Problem to solve: Give again, word for word, each line below starting at the one that contains "Package Content: 1" and ending at the one that contains "教师代表内燃机系主任韩永强教".

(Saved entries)
○ ○ ○ ○

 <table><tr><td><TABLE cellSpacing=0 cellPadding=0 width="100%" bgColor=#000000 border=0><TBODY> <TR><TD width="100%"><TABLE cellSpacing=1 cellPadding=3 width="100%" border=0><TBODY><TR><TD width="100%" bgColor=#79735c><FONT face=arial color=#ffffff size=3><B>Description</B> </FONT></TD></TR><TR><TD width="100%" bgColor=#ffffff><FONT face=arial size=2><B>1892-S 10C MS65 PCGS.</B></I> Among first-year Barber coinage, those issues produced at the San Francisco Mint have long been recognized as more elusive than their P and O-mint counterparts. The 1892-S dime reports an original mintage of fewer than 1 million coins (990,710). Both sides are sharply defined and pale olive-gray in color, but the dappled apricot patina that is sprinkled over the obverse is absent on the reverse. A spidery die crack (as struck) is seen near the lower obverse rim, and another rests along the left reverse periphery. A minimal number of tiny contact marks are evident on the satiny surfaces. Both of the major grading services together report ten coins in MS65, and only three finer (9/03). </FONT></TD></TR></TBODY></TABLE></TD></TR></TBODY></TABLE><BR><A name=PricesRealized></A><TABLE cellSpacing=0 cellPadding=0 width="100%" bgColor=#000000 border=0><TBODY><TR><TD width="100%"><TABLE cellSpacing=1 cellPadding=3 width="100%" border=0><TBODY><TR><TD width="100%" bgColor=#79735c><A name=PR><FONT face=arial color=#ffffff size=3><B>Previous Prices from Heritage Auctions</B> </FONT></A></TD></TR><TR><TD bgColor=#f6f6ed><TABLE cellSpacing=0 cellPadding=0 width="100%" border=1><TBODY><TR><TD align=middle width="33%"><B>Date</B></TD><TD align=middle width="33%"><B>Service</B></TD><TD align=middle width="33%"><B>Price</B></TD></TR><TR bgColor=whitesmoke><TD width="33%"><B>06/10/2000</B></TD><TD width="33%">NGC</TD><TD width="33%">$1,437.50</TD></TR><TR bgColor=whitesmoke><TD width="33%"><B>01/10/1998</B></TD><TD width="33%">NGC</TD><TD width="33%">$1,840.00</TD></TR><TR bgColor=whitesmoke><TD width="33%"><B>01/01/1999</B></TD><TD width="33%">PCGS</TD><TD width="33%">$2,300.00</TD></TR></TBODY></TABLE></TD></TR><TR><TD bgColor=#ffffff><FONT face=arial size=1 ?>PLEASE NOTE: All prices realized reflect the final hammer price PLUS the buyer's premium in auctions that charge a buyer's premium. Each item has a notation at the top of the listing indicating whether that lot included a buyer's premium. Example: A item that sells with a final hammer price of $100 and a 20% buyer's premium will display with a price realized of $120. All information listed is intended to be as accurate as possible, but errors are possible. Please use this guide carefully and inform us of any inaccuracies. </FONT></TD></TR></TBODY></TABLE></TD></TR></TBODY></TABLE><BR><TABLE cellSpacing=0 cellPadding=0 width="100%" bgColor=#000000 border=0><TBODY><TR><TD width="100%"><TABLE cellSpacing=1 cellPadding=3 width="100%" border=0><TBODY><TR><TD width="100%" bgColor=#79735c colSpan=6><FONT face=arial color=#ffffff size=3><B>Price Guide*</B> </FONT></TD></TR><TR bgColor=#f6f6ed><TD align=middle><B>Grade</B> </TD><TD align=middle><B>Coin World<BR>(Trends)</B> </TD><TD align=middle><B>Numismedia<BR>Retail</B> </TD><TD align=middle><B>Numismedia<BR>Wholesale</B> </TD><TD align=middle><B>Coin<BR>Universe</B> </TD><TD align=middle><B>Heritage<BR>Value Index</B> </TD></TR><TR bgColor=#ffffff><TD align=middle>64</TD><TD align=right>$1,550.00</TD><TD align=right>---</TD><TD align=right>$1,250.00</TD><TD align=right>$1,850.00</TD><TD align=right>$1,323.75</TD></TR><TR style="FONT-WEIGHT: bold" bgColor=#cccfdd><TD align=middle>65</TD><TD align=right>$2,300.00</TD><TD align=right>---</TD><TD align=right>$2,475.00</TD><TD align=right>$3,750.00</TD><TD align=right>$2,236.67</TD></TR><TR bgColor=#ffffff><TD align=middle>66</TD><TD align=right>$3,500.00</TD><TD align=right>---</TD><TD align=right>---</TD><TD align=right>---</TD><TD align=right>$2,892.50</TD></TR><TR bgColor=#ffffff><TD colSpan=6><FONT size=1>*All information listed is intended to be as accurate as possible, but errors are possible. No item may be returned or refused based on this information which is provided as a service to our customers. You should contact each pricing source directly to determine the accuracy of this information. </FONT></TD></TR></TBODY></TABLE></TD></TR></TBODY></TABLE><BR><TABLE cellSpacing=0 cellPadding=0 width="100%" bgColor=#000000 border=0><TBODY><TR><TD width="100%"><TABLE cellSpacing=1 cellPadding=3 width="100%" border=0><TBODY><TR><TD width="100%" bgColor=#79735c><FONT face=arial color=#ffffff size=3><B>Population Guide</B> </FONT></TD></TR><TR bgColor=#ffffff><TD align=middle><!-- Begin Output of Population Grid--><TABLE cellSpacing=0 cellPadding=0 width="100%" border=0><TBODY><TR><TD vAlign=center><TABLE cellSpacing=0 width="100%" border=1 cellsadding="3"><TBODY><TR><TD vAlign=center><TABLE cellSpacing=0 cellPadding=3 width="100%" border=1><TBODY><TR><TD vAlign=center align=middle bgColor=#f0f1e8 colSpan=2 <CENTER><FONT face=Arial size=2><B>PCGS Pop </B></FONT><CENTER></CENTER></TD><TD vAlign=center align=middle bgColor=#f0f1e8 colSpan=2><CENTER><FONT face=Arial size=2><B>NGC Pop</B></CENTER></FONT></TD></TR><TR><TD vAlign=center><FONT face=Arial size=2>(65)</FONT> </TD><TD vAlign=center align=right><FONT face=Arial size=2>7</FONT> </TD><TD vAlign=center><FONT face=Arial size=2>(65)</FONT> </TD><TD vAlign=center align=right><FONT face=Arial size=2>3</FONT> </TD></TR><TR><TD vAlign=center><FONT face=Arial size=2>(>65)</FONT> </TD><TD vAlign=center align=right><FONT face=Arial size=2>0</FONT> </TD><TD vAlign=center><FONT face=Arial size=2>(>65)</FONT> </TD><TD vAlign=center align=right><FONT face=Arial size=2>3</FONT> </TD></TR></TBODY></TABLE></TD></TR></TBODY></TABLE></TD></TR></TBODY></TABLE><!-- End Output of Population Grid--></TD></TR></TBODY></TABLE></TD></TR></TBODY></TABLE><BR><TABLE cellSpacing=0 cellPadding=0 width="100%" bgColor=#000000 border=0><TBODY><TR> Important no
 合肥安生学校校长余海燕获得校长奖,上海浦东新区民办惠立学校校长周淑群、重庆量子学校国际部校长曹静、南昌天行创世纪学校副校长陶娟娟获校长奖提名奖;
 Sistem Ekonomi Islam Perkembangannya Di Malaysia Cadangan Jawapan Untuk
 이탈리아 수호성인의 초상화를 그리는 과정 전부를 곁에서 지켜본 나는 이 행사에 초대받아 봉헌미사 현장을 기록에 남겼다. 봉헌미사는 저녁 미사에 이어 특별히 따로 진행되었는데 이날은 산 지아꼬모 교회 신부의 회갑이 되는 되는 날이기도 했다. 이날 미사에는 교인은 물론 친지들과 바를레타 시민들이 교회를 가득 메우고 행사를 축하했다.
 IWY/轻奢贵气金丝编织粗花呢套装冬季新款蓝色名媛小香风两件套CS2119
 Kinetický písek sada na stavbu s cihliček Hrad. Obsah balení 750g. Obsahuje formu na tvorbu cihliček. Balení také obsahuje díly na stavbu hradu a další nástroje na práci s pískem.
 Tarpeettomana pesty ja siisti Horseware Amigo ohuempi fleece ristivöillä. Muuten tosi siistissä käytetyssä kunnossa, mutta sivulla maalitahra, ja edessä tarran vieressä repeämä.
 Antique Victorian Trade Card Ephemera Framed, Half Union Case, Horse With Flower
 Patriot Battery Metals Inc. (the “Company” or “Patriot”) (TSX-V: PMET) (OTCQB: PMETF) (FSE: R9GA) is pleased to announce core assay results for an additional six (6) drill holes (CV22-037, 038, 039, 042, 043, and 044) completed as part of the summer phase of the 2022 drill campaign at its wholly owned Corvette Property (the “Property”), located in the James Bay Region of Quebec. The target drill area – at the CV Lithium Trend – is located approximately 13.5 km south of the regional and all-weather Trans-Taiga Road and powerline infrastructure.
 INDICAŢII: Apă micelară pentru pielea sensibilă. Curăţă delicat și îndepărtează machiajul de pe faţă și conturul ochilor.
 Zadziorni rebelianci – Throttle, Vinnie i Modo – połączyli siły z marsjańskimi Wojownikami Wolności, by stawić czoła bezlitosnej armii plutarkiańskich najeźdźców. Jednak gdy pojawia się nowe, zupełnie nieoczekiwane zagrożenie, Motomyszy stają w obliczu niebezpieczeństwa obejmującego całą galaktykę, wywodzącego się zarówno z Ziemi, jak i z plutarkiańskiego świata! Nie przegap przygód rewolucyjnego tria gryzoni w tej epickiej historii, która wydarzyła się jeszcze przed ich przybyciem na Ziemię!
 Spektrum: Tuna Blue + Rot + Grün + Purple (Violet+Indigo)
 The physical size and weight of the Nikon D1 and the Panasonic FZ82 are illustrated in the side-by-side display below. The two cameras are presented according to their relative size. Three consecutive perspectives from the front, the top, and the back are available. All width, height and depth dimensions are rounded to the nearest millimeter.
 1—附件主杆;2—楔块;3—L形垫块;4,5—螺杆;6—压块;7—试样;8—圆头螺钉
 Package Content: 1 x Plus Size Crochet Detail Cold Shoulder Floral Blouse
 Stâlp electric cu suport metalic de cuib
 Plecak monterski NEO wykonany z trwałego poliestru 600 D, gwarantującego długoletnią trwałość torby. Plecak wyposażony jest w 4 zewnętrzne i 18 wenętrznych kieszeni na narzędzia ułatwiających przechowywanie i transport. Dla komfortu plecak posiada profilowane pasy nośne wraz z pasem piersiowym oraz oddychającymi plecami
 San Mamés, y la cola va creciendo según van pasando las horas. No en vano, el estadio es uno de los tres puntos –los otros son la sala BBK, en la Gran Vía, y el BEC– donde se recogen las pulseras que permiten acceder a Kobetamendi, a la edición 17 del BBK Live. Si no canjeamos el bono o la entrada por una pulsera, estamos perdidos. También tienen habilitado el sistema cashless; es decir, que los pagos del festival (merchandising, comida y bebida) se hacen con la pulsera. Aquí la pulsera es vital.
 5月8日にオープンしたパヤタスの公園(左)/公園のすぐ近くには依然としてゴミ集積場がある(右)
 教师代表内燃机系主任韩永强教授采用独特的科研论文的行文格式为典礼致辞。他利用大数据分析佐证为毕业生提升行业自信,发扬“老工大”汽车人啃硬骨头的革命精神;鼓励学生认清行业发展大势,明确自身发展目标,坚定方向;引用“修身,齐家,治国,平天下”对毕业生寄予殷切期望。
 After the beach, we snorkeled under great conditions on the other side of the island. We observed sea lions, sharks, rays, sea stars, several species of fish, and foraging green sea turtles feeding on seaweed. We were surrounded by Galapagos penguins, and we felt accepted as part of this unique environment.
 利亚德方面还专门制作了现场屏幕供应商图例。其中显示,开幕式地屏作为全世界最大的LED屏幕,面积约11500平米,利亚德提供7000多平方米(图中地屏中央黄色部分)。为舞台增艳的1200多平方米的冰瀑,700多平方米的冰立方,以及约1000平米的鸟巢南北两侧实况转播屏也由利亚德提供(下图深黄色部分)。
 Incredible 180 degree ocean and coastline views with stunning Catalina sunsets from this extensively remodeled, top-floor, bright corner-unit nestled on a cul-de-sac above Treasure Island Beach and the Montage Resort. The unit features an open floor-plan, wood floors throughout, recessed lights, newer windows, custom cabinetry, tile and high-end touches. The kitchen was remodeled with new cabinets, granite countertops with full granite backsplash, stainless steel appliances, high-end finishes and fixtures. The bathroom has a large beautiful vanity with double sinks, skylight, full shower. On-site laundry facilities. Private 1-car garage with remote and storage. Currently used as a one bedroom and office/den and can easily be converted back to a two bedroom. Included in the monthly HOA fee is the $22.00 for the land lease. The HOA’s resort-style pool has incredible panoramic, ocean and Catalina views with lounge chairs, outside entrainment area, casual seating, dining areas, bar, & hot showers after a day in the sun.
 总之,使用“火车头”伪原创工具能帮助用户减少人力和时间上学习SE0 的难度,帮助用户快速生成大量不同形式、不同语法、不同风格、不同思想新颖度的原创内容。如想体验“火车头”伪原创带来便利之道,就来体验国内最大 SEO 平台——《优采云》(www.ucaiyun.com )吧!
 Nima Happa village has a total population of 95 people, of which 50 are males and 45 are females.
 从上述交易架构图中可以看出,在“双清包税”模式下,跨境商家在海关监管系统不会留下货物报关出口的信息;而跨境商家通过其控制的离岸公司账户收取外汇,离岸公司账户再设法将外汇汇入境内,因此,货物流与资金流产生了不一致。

○ ○ ○ ○

Response to this task:
 Package Content: 1 x Plus Size Crochet Detail Cold Shoulder Floral Blouse
 Stâlp electric cu suport metalic de cuib
 Plecak monterski NEO wykonany z trwałego poliestru 600 D, gwarantującego długoletnią trwałość torby. Plecak wyposażony jest w 4 zewnętrzne i 18 wenętrznych kieszeni na narzędzia ułatwiających przechowywanie i transport. Dla komfortu plecak posiada profilowane pasy nośne wraz z pasem piersiowym oraz oddychającymi plecami
 San Mamés, y la cola va creciendo según van pasando las horas. No en vano, el estadio es uno de los tres puntos –los otros son la sala BBK, en la Gran Vía, y el BEC– donde se recogen las pulseras que permiten acceder a Kobetamendi, a la edición 17 del BBK Live. Si no canjeamos el bono o la entrada por una pulsera, estamos perdidos. También tienen habilitado el sistema cashless; es decir, que los pagos del festival (merchandising, comida y bebida) se hacen con la pulsera. Aquí la pulsera es vital.
 5月8日にオープンしたパヤタスの公園(左)/公園のすぐ近くには依然としてゴミ集積場がある(右)
 教师代表内燃机系主任韩永强教授采用独特的科研论文的行文格式为典礼致辞。他利用大数据分析佐证为毕业生提升行业自信,发扬“老工大”汽车人啃硬骨头的革命精神;鼓励学生认清行业发展大势,明确自身发展目标,坚定方向;引用“修身,齐家,治国,平天下”对毕业生寄予殷切期望。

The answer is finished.